In the area of stable coins, he sees the importance of regulators tackling the issue to prevent regulatory arbitrage. Another area that is building momentum is sustainable finance. He pointed out that there remains a polarity of opinions on whether the EU’s sustainability taxonomy should be followed or whether climate change is still too long-range for investors.

While deference has been widely seen as the silver bullet to fragmentation, Alder warned that there hasn’t been multilateral consensus to guide equivalence decisions. "It’s practically difficult to move from a bilateral to multilateral level, especially against the backdrop of Brexit," said Alder.

Jun Mizuguchi, co-chair of the Iosco follow-up group to the taskforce on cross-border regulation, and senior deputy commissioner for international affairs at the Financial Services Agency of Japan, emphasised the importance of making the deference process clearer and more efficient. He pointed out that differences in language and varying interpretations of the same laws remain major barriers. Another challenge is how best to keep updated on changing regulations.

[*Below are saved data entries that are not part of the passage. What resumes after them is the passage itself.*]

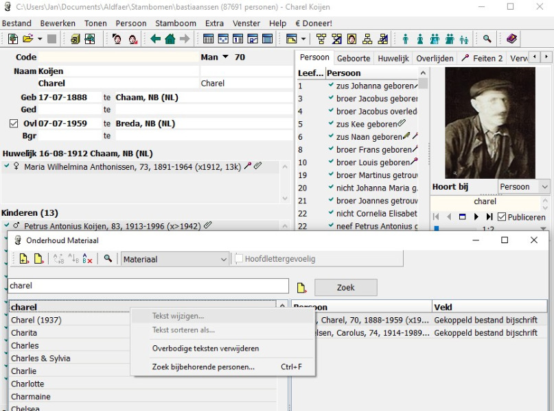 Maar... Het is niet onmogelijk dat één en hetzelfde bijschrift meerdere malen gebruikt is. Als dat het geval is, kan men dan niet met die dubbelklik automatisch de zoekfunctie activeren? De gebruiker ziet dan dat het meerdere malen voorkomt en dient de gewenste persoon aan te klikken om het bijschrift te kunnen wijzigen volgens procedure a t/m e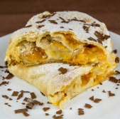 Zavitek z gozdnimi sadeži (malinami, borovnicami, robidami) in čokolešnikom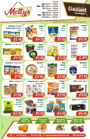 514.279.3477 514.416.4792 orders@mottysfoodcorner.com 1051 Van Horne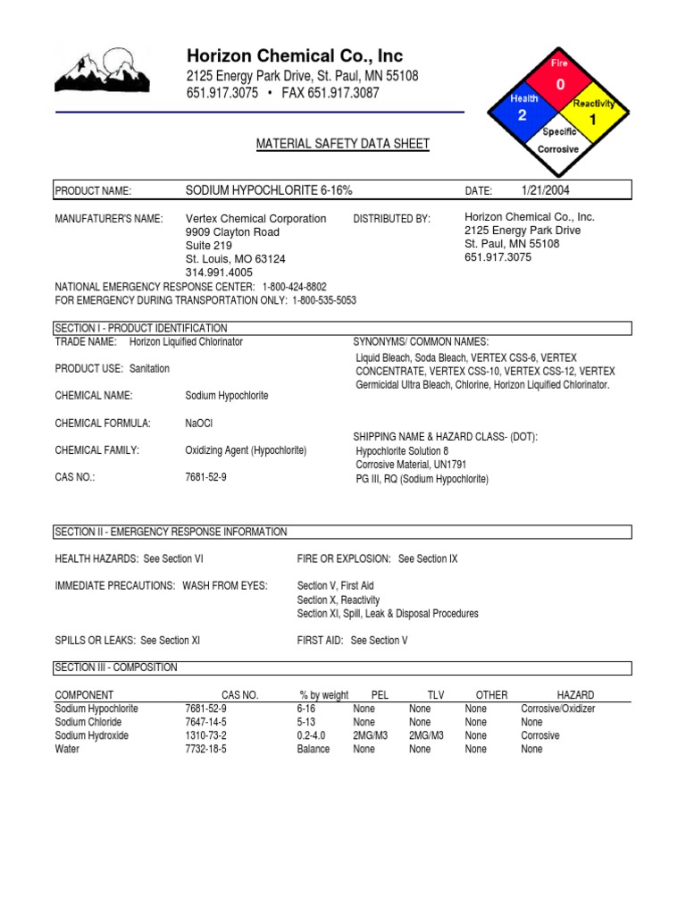 MSDS Sodium Hypochlorite Chlorine Dangerous Goods

Although fragmentation is a beast that is hard to tackle, progress is being made through the collective efforts of global regulators, central banks and industry associations. According to Toshio Tsuiki, deputy secretary-general of the Basel Committee, to help with the implementation of Basel standards, the regulatory consistency assistance programme was created to increase transparency and encourage implementation by "grading" jurisdictions based on their level of compliance. The focus will be shifting to Basel III implementation in the coming few years.

Boon Ngiap Lee, assistant managing director of capital markets at the Monetary Authority of Singapore, stressed the importance of an open mind and maintaining close dialogue with other regulators. "It’s about being aware of the practical reality of the market while coming up with the best solution to make markets safer and more efficient, by building trust and collaboration," said Lee.